Work required: Below are the records; extract from them the line containing "We finally made" to the line containing "product details: split", both lines included, exactly and with no pictures.

Data provided:

------

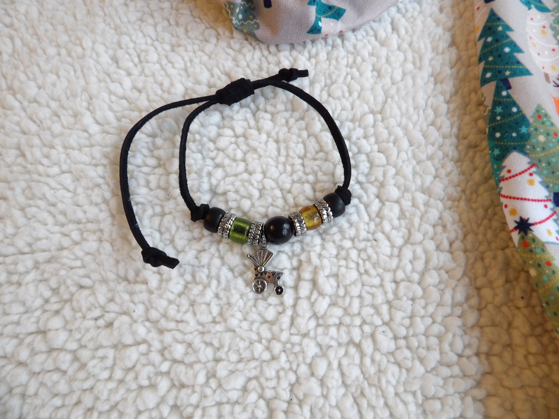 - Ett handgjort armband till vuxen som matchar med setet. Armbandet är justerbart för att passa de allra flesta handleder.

------

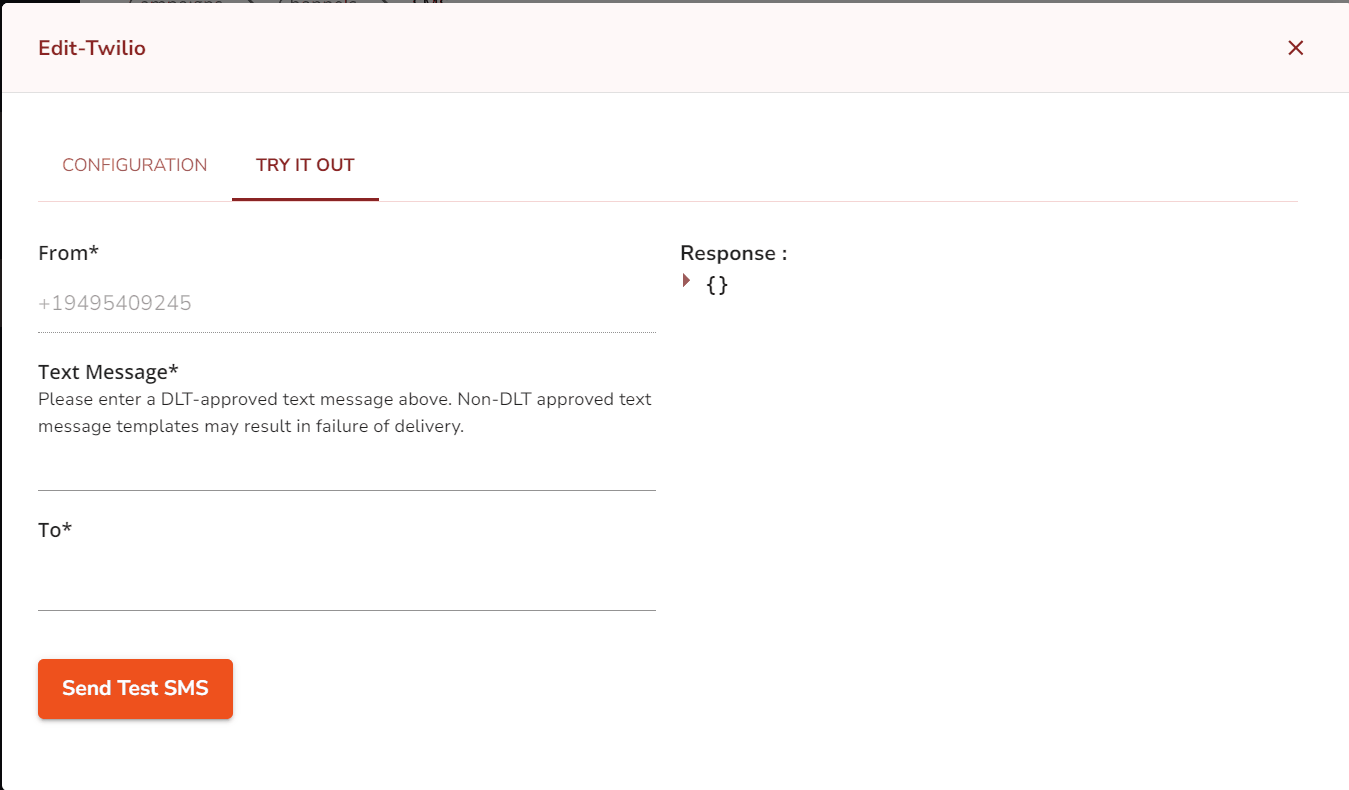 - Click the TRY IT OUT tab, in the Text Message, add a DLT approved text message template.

------

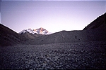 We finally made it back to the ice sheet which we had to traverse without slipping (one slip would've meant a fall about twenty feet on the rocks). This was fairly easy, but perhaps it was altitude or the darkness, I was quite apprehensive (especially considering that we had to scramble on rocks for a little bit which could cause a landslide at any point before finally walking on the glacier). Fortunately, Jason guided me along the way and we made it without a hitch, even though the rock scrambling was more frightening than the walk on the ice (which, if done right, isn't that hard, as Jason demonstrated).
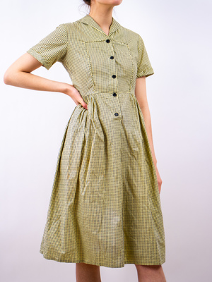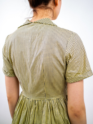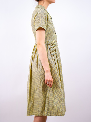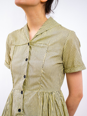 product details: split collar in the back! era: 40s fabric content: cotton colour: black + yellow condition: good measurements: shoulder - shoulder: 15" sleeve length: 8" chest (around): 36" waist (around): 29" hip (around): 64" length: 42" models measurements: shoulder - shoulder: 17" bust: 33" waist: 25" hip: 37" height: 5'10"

------

Result of the exercise:
 We finally made it back to the ice sheet which we had to traverse without slipping (one slip would've meant a fall about twenty feet on the rocks). This was fairly easy, but perhaps it was altitude or the darkness, I was quite apprehensive (especially considering that we had to scramble on rocks for a little bit which could cause a landslide at any point before finally walking on the glacier). Fortunately, Jason guided me along the way and we made it without a hitch, even though the rock scrambling was more frightening than the walk on the ice (which, if done right, isn't that hard, as Jason demonstrated).
 product details: split collar in the back! era: 40s fabric content: cotton colour: black + yellow condition: good measurements: shoulder - shoulder: 15" sleeve length: 8" chest (around): 36" waist (around): 29" hip (around): 64" length: 42" models measurements: shoulder - shoulder: 17" bust: 33" waist: 25" hip: 37" height: 5'10"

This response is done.